Je ne
parlerai ici que du début de la première partie (pages 11- 63) de La langue française 2010, car il suffit
largement à faire apparaître les choix et les points de vue des
« démolinguistes [1]»
de l’ODSEF, auteurs de la prétendue « méthodologie », du choix des
« études consultées » (dont celle de la TNS-Sofres, pp. 53-61) et de
quelques articles[2].
Faute de
place, quelques détails amusants seulement. Curieusement le volume en cause
s’ouvre sur un « erratum » inattendu du planisphère en couleurs placé
au tout début de la première partie, où est présentée la « population
francophone dans les pays de l’OIF ». Comme aux « jeu des sept
erreurs » ou du chat caché dans les arbres de mon enfance, j’ai cherché,
longtemps et partout sur cette carte « corrigée », les erreurs
rectifiées de la première version. J’ai cru d’abord trouver les erreurs à Saõ
Tome et Principe, à Maurice, aux Seychelles et à Mayotte où l’on
indiquait, contre toute vraisemblance,
plus de 60% de francophones ! Pas du tout, les données sont les
mêmes dans l’erratum que dans la version originale! Certes, partout, les
pourcentages de francophones étaient très exagérés (de 36 à 60% en Haïti et en Afrique Centrale
(RDC, Gabon, Congo !!!) … mais ils le sont encore sur la carte corrigée où
on a des données identiques ! Donc chou blanc là aussi ! En fait, j’ai
fini par comprendre que l’erreur ne concernait que le seul Québec dont on avait
simplement mal dessiné la carte !Les géographes de la Belle Province sont
plus sérieux que les démographes de l’ODSEF.
Grâce à cet ODSEF,
toutefois, et à la si remarquable enquête TNS-Sofres qu’il cite en détails,
j’ai renouvelé totalement l’idée que je me faisais de la francophonie concrète
dans quelques grandes villes d’Afrique. Ainsi ai-je fait plusieurs découvertes,
aussi majeures qu’inattendues : « À Libreville, le français est parlé
par la quasi-totalité des individus (99%) et il en est de même à Douala …
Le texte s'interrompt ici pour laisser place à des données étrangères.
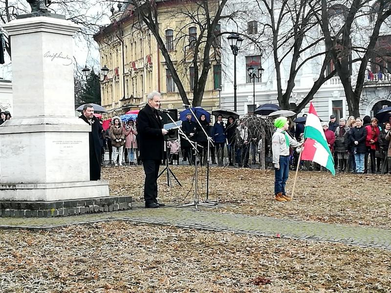A rimaszombati 4. sz. Hatvani István Cserkészcsapat lelkes fiataljai álltak díszőrséget dacolva az egyre inkább elszomorodó idővel. Gál Laura, a Tompa Mihály Református Gimnázium diákjának szavalatát Mács Mihály és Bodolló Nikol műsora követte, kik többek között a Nemzeti dal megzenésített változatát adták elő. Őket követte Szászi Zoltán költő, író ünnepi beszéde, végül Pataky András az Ivana Kraska Gimnázium tanulója Heltai Jenő: Szabadság című versét adta elő. A koszorúk ünnepélyes elhelyezését követően a hivatalos megemlékezés lezárásaként felcsendült a Szózat.
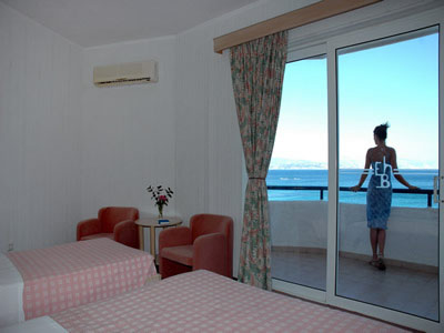 Családi szoba: 2 felnőtt+ 2 gyermek részére, a főépületben, nagyobb méretűek, légkondicionáló, műholdas televízió, telefon, széf (térítés ellenében), hűtőszekrény, fürdőszoba, hajszárító, tengerre néző balkon vagy terasz.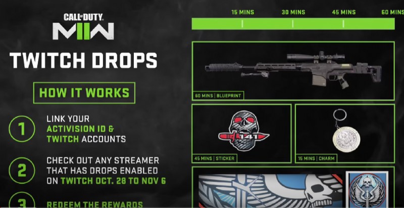 - 10 月 28 日から 11 月 6 日まで、Twitch で Drops を有効にしてモダン・ウォーフェア 2 をプレイするストリーマーを視聴できるようになりました。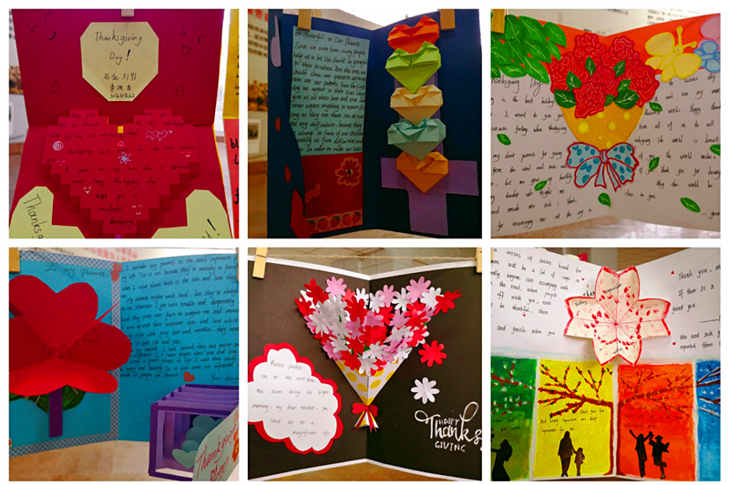 为履行立德树人使命,践行个性教育理念,同时也为我院学生提供自我展示平台和提升创新能力的机会。恰逢感恩节即将到来之际,由基础课部语言教研室主办、英语协会协办的英语校园文化月系列活动之二:“英文贺卡制作大赛”于2020年11月25日-26日在图书馆一楼圆满举办。本次活动旨在帮助学生发现生活中的真善美,学会珍惜,懂得感恩,同时培养学生应用英语表达真情实感的能力。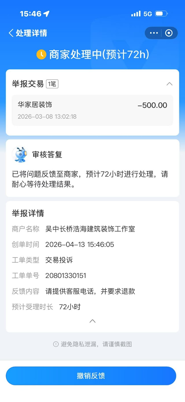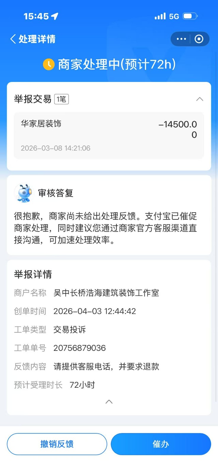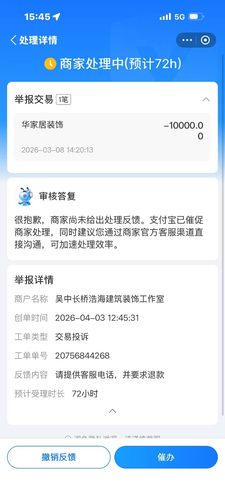 | 裝修面積 | 144m2 | 投訴人手機(jī) | 1304164**** | 被投訴人手機(jī) | 1996212**** |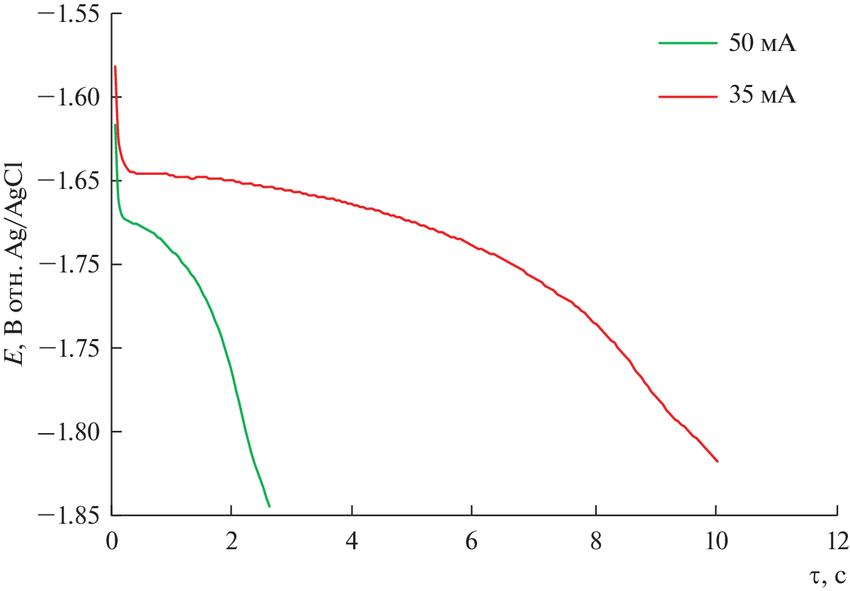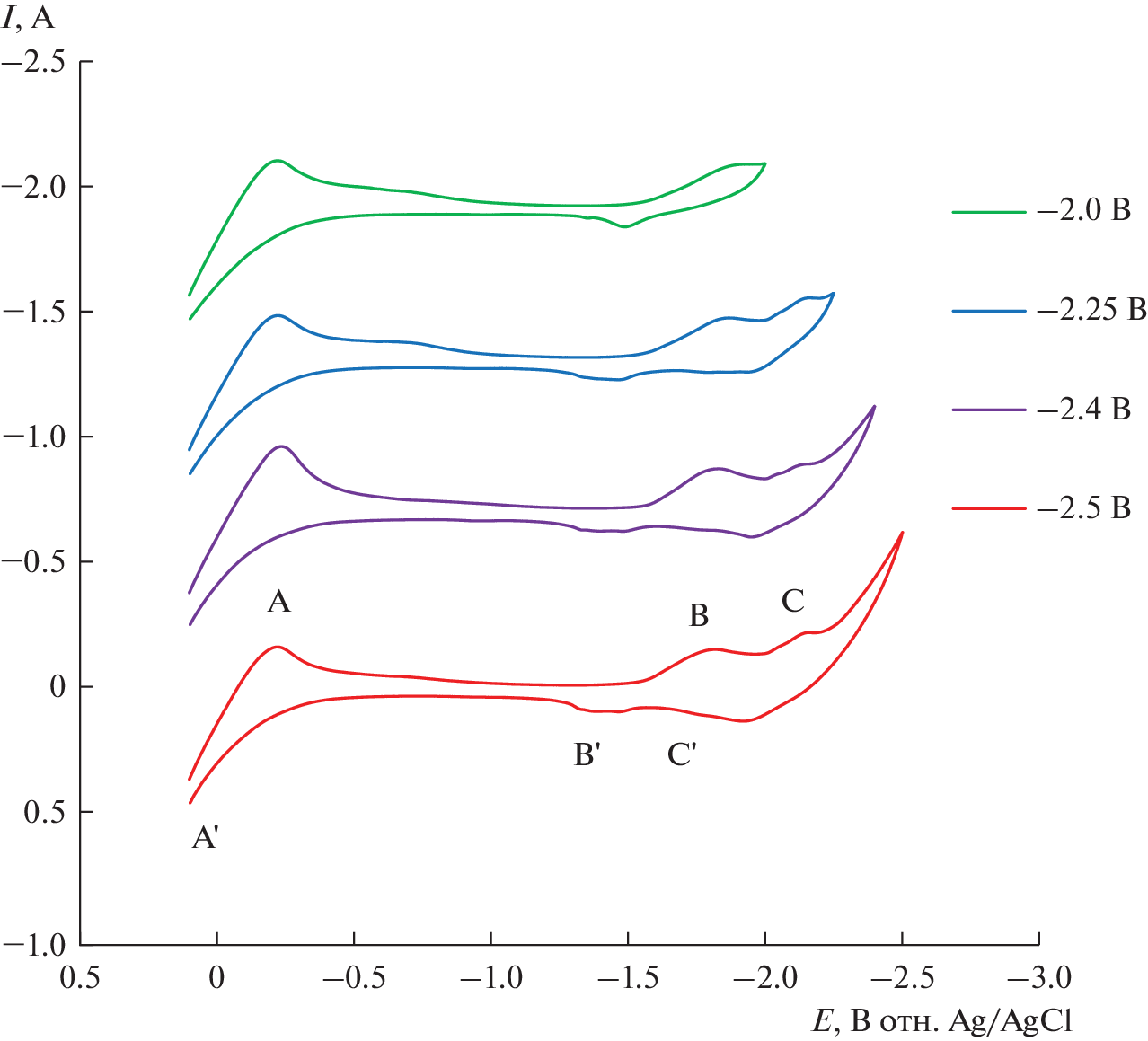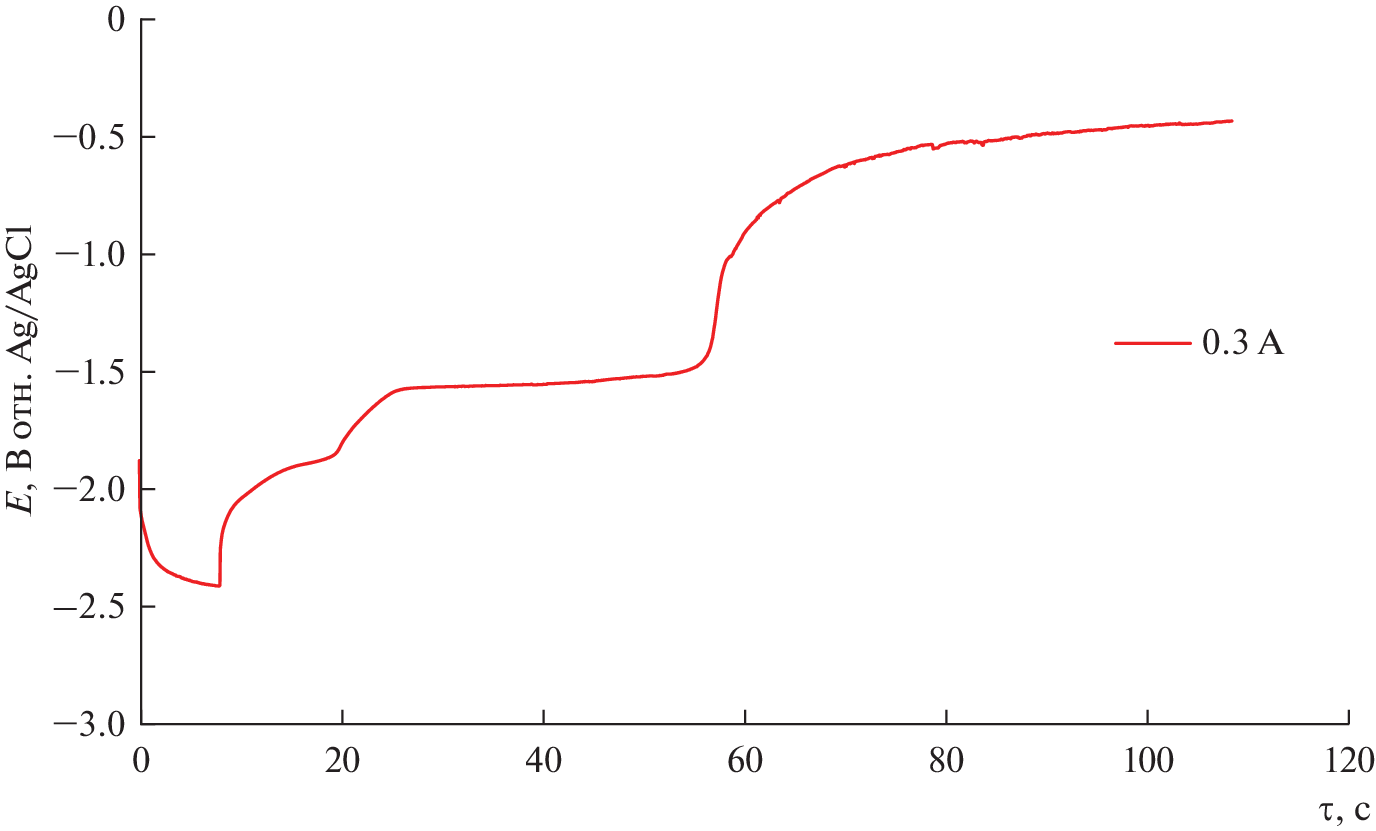 Исследовано электрохимическое поведение ионов лантана на никелевом электроде с использованием различных электрохимических методов, таких как циклическая вольтамперометрия, хронопотенциометрия, хронопотенциометрия разомкнутой цепи (кривые включения и выключения), квадратно-волновая вольтамперометрия в эквимольном расплаве хлоридов калия и натрия при температуре 973 K. На циклической вольтамперограмме имеется несколько волн восстановления на катодной ветви и соответствующие им волны окисления на анодной ветви. Первая волна А находится в области потенциалов –(0.0–0.1) В, на ней происходит восстановление ионов Ni2+. Вторая волна В находится в области потенциалов –(1.72–1.77) В, на ней происходит электровосстановление ионов \({\text{LaCl}}_{6}^{{3 - }}\) на никелевом электроде с определенной деполяризацией с образованием интерметаллида лантана с никелем LaxNiy. А появление третей волны С в области потенциалов –(2.09–2.13) В, связываем с электровосстановлением хлоридных комплексов \({\text{LaCl}}_{6}^{{3 - }}\) на интерметаллиде LaxNiy с образованием металлического лантана. На основании полученных данных показано, что при электровосстановлении хлоридного комплекса лантана в расплаве KCl–NaCl при Т = 973 K никелевый электрод взаимодействует с выделяющимся лантаном, вызывая существенную деполяризацию процесса электровосстановления хлоридного комплекса, также происходит образование интерметаллида с материалом Ni электрода.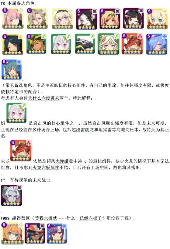 3.其他角色评价以单属地位和用途为主,考虑到超得是基于已有box的补充,故和人物的绝对强度并不是完全画等号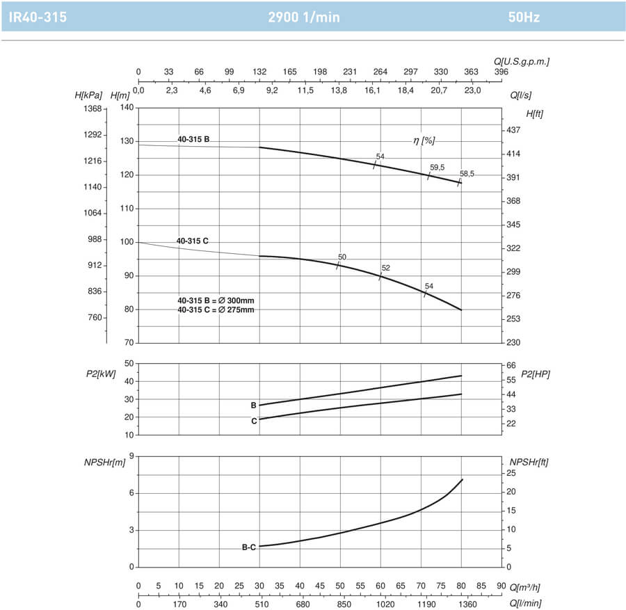 Параметры насоса с двигателем ~ 2900 об / мин.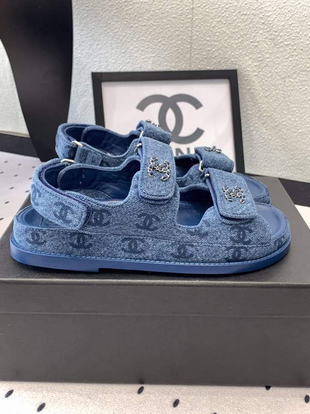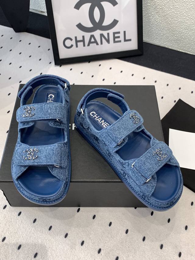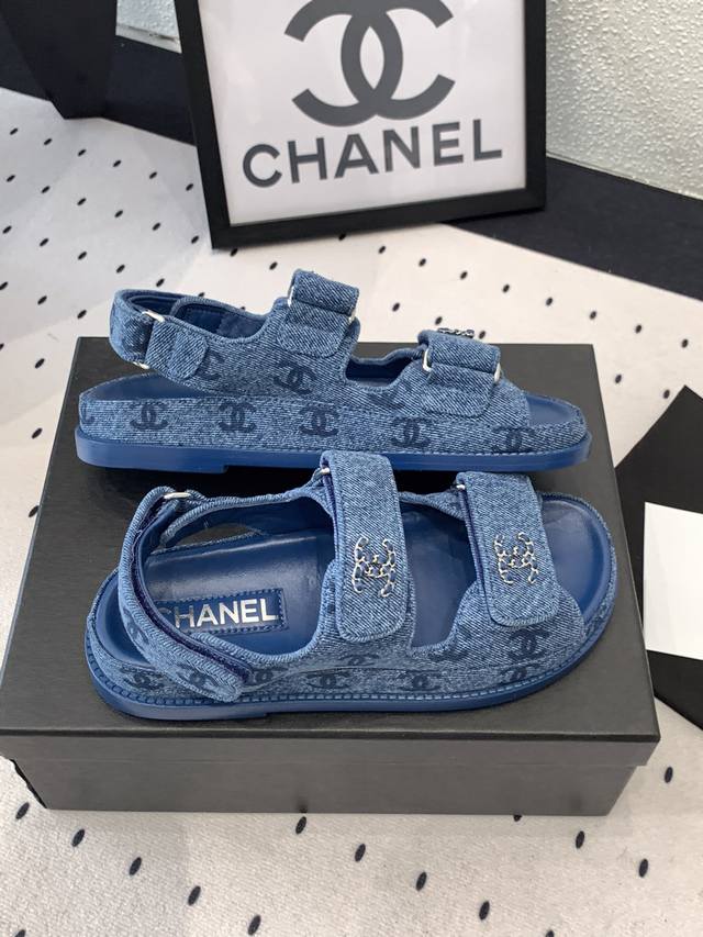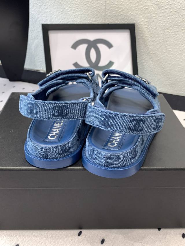 p390 Chanel新款早春沙滩鞋 顶级版本 简单的万能百搭神器 各大明星上脚神器 原版进口牛仔鞋面 进口羊皮内里垫脚 原版全层真皮大底 Size:35-40 (41订做)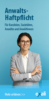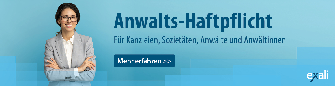 Ob eine versäumte Frist, ein Beratungsfehler oder eine Verletzung der Geheimhaltungspflicht: Unterläuft Ihnen als Anwältin oder Anwalt ein berufliches Versäumnis, drohen im schlimmsten Fall horrende finanzielle Konsequenzen. Die Anwaltshaftpflicht über exali bietet Ihnen im Rahmen der gesetzlich vorgeschriebenen Versicherung verlässlichen Schutz vor Vermögensschäden und sichert den Kanzleibetrieb auch gegen Personen- und Sachschäden ab.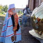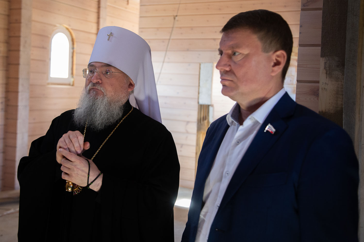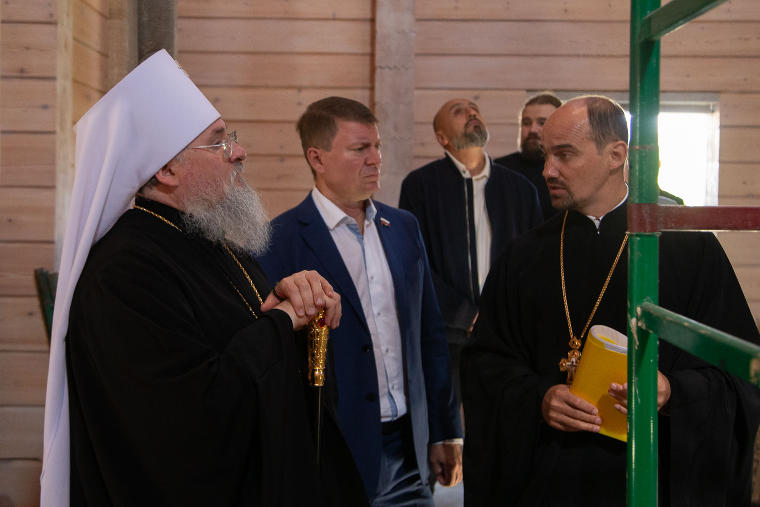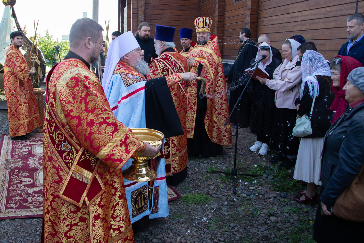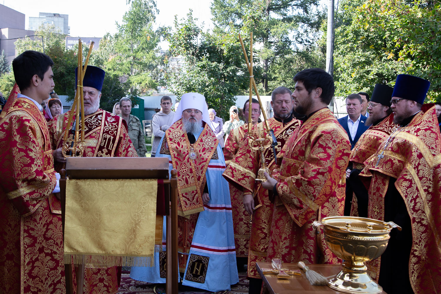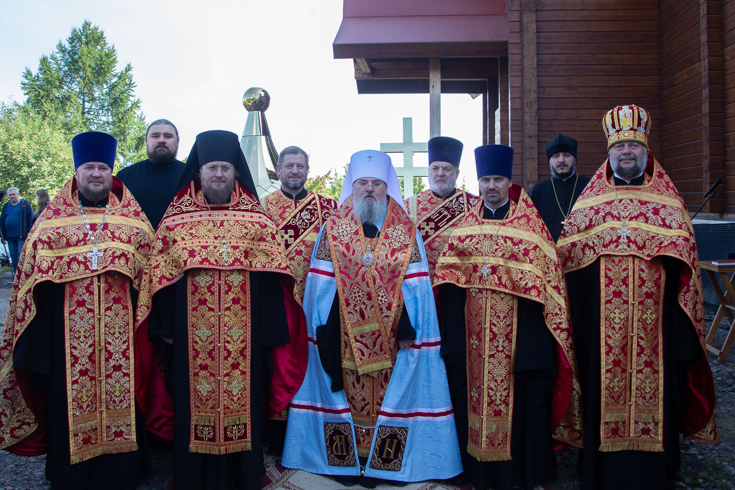 11 сентября на территории строящегося храма Иоакима и Анны на Стрелке митрополит Красноярский и Ачинский Никита совершил чин освящения купола и креста.

» (2010 : 63) ; sur Kinshasa : « Plus de la moitié des
Kinois atteignent le niveau de francophonie maîtrisée, résultat meilleur qu’à
Libreville (ibidem) ». Puisque
99% des habitants de Libreville parlent français, à Kinshasa on crève forcément
le plafond de la francophonie, alors qu’on nous dit que Douala « atteint
le niveau de francophonie global le plus élevé (85%) » ! Allez
comprendre puisqu’on a trouvé 99% à Libreville ! À l’ODSEF, on ne connaît
pas très bien l’Afrique c’est sûr, mais en outre et c’est plus fâcheux pour des
démographes, de toute évidence, on ne sait pas très bien compter !
En tout cas,
A. Diouf, actuel Secrétaire général de l’OIF mais aussi et d’abord ancien
Président du Sénégal, a dû tomber de sa chaise en lisant (2010 : 56-57),
avec graphiques à l’appui, que la « connaissance de la langue
française » est bien supérieure à Kinshasa qu’à Dakar ! Peut-être
a-t-il jugé bon d’en plaisanter en terminant la préface qu’il a signée
(2010 : page 3) quand il affirme que cette « promenade »,
(surtout africaine), « sera une source vive d’étonnement ». C’est le
moins qu’on puisse dire et on ne saurait être plus nuancé ou plus ironique
!
Laissons ces
incohérences et ces balivernes, même si elles ont clairement joué un rôle
central dans le débat sur l’avenir de la francophonie et l’intérêt suscité
désormais dans ce que l'on pourrait
appeler la « filière économique », habituellement peu préoccupée par
les problèmes linguistiques.
Jacques Attali, ancien dirigeant de la BERD (Banque
européenne pour la reconstruction et le développement) et actuel président de
« PlaNet Finance », toujours à la recherche d’expertises ou de rapports, porteurs non
seulement de contrats mais aussi de publicité, a flairé la bonne affaire !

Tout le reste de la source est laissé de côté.